ALLAN RAMSAY (1713-1784)
David Hume (1766)
Oil on canvas (76 x 63.5 cm)
Scottish National Portrait Gallery, Edinburgh
David Hume (1711-1776), eminent Scottish philosopher and historian, one of the greatest figures of the Enlightenment, son of Joseph Home of Ninewells and Catherine Falconer, attended the University of Edinburgh at the unusual age of twelve, at a time when fourteen was normal. At first, because of his family, he considered a career in law, but he came to have, in his own words “an insurmountable aversion to everything but the pursuits of Philosophy and general Learning”. He had little respect for the professors of his time, telling a friend in 1735 “there is nothing to learn from a professor, which is not to be met with in books” Not surprisingly he did not graduate but he was appointed Keeper of the Advocates’ Library at Edinburgh. His tenure there, and the access to research materials it provided resulted in Hume’s writing his six-volume History of England (1754-57) which became a bestseller and the standard history of England in its day. In 1757 he resigned as a consequence of the clerical interference in his liberal choice of books for the Library.
From 1763 to 1766 he served as Secretary to the British ambassador to the French court, Francis, 1st Earl of Hertford (1718-1794); returning to London in the company of Rousseau, to whom he offered protection in England.
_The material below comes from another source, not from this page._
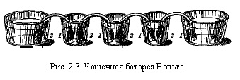 Необходимость применения проводников второго класса (суконных кружков, смоченных водой или кислотой) А. Вольта объяснял следующим: при соприкосновении двух различных металлов электричество одного знака сосредоточивается на одном металле, а электричество противоположного знака - на другом. Если составить столб из нескольких пар различных металлов, например цинка и серебра (без прокладок), то каждая цинковая пластина будет находиться в соприкосновении с одинаковыми серебряными пластинами и их общее действие будет взаимно уничтожаться. Для того чтобы действие отдельных пар суммировалось, необходимо обеспечить соприкосновение каждой цинковой пластинки только с одной серебряной. Это осуществляется с помощью проводников второго рода - суконных кружков, смоченных водой или кислотой, разделяющих пары металлов и не препятствующих движению электричества. Таким образом, А. Вольта, не понимая того, что электрический ток возникает в результате химических процессов между металлами и жидкостями, практически пришел к созданию гальванического элемента, действие которого основывалось именно на превращении химической энергии в электрическую. Хотя Вольта и заметил, что поверхности приведенных в контакт разнородных металлов, составляющих гальваническую пару, подвергаются изменению (окисляются), тем не менее он не придал этому факту никакого значения. А. Вольта предложил кроме столба еще и несколько иную конструкцию источника электрического тока - так называемую чашечную батарею (рис. 2.3), действие которой, по его мнению, также было основано на контакте между двумя металлами (влажную суконную прокладку столба заменяла жидкость). Чашечная батарея представляла собой соединение отдельных элементов, имевших форму банок, наполненных разбавленной серной кислотой, в которую погружались одна медная и одна цинковая пластины. Кроме предложенных А. Вольта конструкций источника электрического тока вскоре были разработаны некоторые другие его модификации.

He remained in London until 1769 when he returned to Edinburgh where he died, unmarried in 1776. Hume was revered in his lifetime for his exemplary character and sweetness of nature. He has claims to be regarded as the greatest British thinker of the Enlightenment, as well as the supreme master of English prose if the 18th century.
In Ramsay’s portrait, Hume is shown in the scarlet, semi-military “uniform” he had been asked to wear on being appointed secretary to general St Clair’s Military Legation at Vienna and Turin. On being shown the portrait of Hume, which he had specially asked to see, George III remarked to Ramsay that, while he considered it a good likeness he thought the dress “rather too fine”, to which Ramsay wittingly replied “I wished posterity should see that one philosopher during your Majesty’s reign had a good coat upon his back”
The inclusion in the picture of a volume of Tacitus pays tribute to Hume’s eminence as a historian; the other volume, which we should expect to bear the name of an ancient philosopher, but which is unidentified by title or author, must have been intended to allude to Hume’s own philosophical distinction; and that Ramsay set out to portray his friend principally as a philosopher is suggested by the character of the picture as a whole, as well as being supported by the anecdote concerning George III just cited.
Hume’s features would doubtless have presented a problem to any portrait painter, to judge at any rate from Lord Charlemont’s description: “Nature, I believe never formed any man more unlike his real character than David Hume… His face was broad and fat, his mouth wide and without any other expression than that of imbecility. His eyes vacant and spiritless…” Whatever Lord Charlemont may have felt about Hume’s physical appearance Ramsay created out of it a compelling image of philosophical detachment and intellectual power. The deep shadows bathing the lower part of the figure and the modulations of dark tone that model the features reflect Ramsay’s study of Rembrandt.